A simple example of component redundancy in an industrial instrumentation system is dual DC power supplies feeding through a diode module. The following photograph shows a typical example, in this case a pair of Allen-Bradley AC-to-DC power supplies for a DeviceNet digital network:
If either of the two AC-to-DC power supplies happens to fail with a low output voltage, the other power supply is able to carry the load by passing its power through the diode redundancy module:
This redundancy module has its own MTBF value, and so by including it in the system we are adding one more component that can fail. However, the MTBF rate of a simple diode network greatly exceeds that of an entire AC-to- DC power supply, and so we find ourselves at a greater level of reliability using this diode redundancy module than if we did not (and only had one power supply).

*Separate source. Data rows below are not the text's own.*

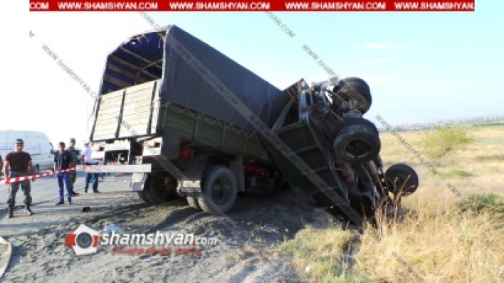 Խոշոր ավտովթար Արարատի մարզում. բախվել են ձմերուկով և ավազով բարձված ЗИЛ-երը. մեկը կողաշրջվել է, մյուսն էլ հայտնվել է նրա վրա
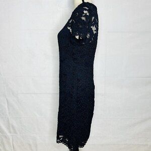 Lauren Ralph Lauren Scalloped Hem Lace Overlay Navy Blue Dress Size 10, 36% viscose, 32% cotton, 32% nylon.
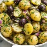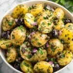 A vibrant Mediterranean Potato Salad featuring tender new potatoes tossed in a zesty dressing of olive oil, red wine vinegar, sumac, and lemon juice, complemented by kalamata olives, capers, red onion, and fresh parsley. This salad offers a flavorful, refreshing side dish perfect for any occasion.

In order for redundant components to actually increase system MTBF, the potential for common cause failures must be addressed. For example, consider the effects of powering redundant AC-to- DC power supplies from the exact same AC line. Redundant power supplies would increase system reliability in the face of a random power supply failure, but this redundancy would do nothing at all to improve system reliability in the event of the common AC power line failing! In order to enjoy the fullest benefit of redundancy in this example, we must source each AC-to-DC power supply from a different (unrelated) AC line.
Another example of redundancy in industrial instrumentation is the use of multiple transmitters to sense the same process variable, the notion being that the critical process variable will still be monitored even in the event of a transmitter failure. Thus, installing redundant transmitters should increase the MTBF of the system’s sensing ability.
Here again, we must address common-cause failures in order to reap the full benefits of redundancy. If three liquid level transmitters are installed to measure the exact same liquid level, their combined signals represent an increase in measurement system MTBF only for independent faults. A failure mechanism common to all three transmitters will leave the system just as vulnerable to random failure as a single transmitter. In order to achieve optimum MTBF in redundant sensor arrays, the sensors must be immune to common faults.
In this example, three different types of level transmitter monitor the level of liquid inside a vessel, their signals processed by a selector function programmed inside a DCS:
Here, level transmitter 23a is a guided-wave radar (GWR), level transmitter 23b is a tape-and float, and level transmitter 23c is a differential pressure sensor. All three level transmitters sense liquid level using different technologies, each one with its own strengths and weaknesses. Better redundancy of measurement is obtained this way, since no single process condition or other random event is likely to fault more than one of the transmitters at any given time.
For instance, if the process liquid density happened to suddenly change, it would affect the measurement accuracy of the differential pressure transmitter (LT-23c), but not the radar transmitter nor the tape-and-float transmitter. If the process vapor density were to suddenly change, it might affect the radar transmitter (since vapor density generally affects dielectric constant, and dielectric constant affects the propagation velocity of electromagnetic waves, which in turn will affect the time taken for the radar pulse to strike the liquid surface and return), but this will not affect the float transmitter’s accuracy nor will it affect the differential pressure transmitter’s accuracy. Surface turbulence of the liquid inside the vessel may severely affect the float transmitter’s ability to accurately sense liquid level, but it will have little effect on the differential pressure transmitter’s reading nor the radar transmitter’s measurement (assuming the radar transmitter is shrouded in a stilling well.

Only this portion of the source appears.